Good Hospitality Training May Make the Food Taste Better

It might surprise you to hear this from a chef, but the hospitality jobs in the front of a restaurant are sometimes more important than the chef jobs back in the kitchen. This is something to keep in mind if you are considering a career in hospitality.

Restaurant Visits By a Chef

From time to time, I am invited to restaurants to "check them out." I generally enjoy these visits since it is a pleasure to sample the works of other cooks. I also like to eat someone's cooking other than my own.

One thing I've really come to understand is how the hospitality training of the staff and the quality of hospitality job they are doing can make or break a restaurant. Never think that a career in hospitality will leave you in an unimportant position in the life of a restaurant. The greeters, maitre d's, waiters, wine stewards, table personnel, bartenders, and other hospitality jobs in a restaurant can change the way a guest views the establishment.

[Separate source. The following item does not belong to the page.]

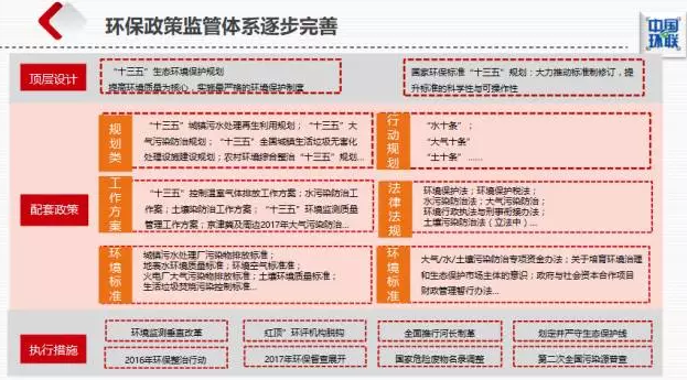 2017年以來,環(huán)保監(jiān)管體系重構(gòu):從頂層政策,如“十三五”生態(tài)環(huán)境保護(hù)規(guī)劃,到水、氣、固、土壤的配套政策,再到環(huán)保垂改、專項(xiàng)整治等具體措施,三位一體重構(gòu)環(huán)保政策監(jiān)管體系,強(qiáng)調(diào)治理效果,提升監(jiān)管力度。在責(zé)任主體、監(jiān)管體系、排污收費(fèi)、排污許可、排污權(quán)交易等五個(gè)方面進(jìn)行重大改革,從多個(gè)方面吸引社會力量共同改善環(huán)境質(zhì)量,把過去被動化、模糊化的管理變?yōu)榱酥鲃踊?、定量化、清晰化的管理?/p>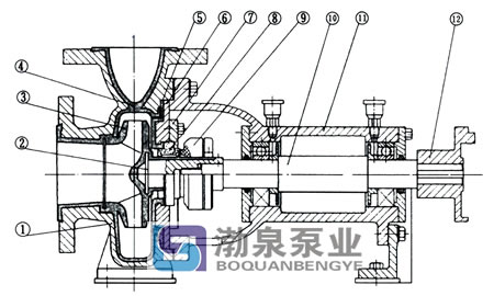 7.臥式安裝,結構緊湊、可與標準化工離心泵互換,方便用戶更換和使用;

I ate at one small restaurant where the chef was in his first job as a head cook. His dishes were good, but very conservative. In other words, there was nothing that exciting or memorable. However, I can still remember every detail of the meal. I smile when I think of it. The reason was the level of hospitality training that the support staff had. Every person I encountered made me feel welcome.

Another visit during the same month was not quite so successful. The food was magnificent--except that an inattentive wait staff served it so carelessly that it was no longer hot. The maitre d' and the waiters all seemed to be in bad moods. The chef might as well have opened a can of beans to serve me since no amount of fine cooking could overcome the poor hospitality job being done by the restaurant staff.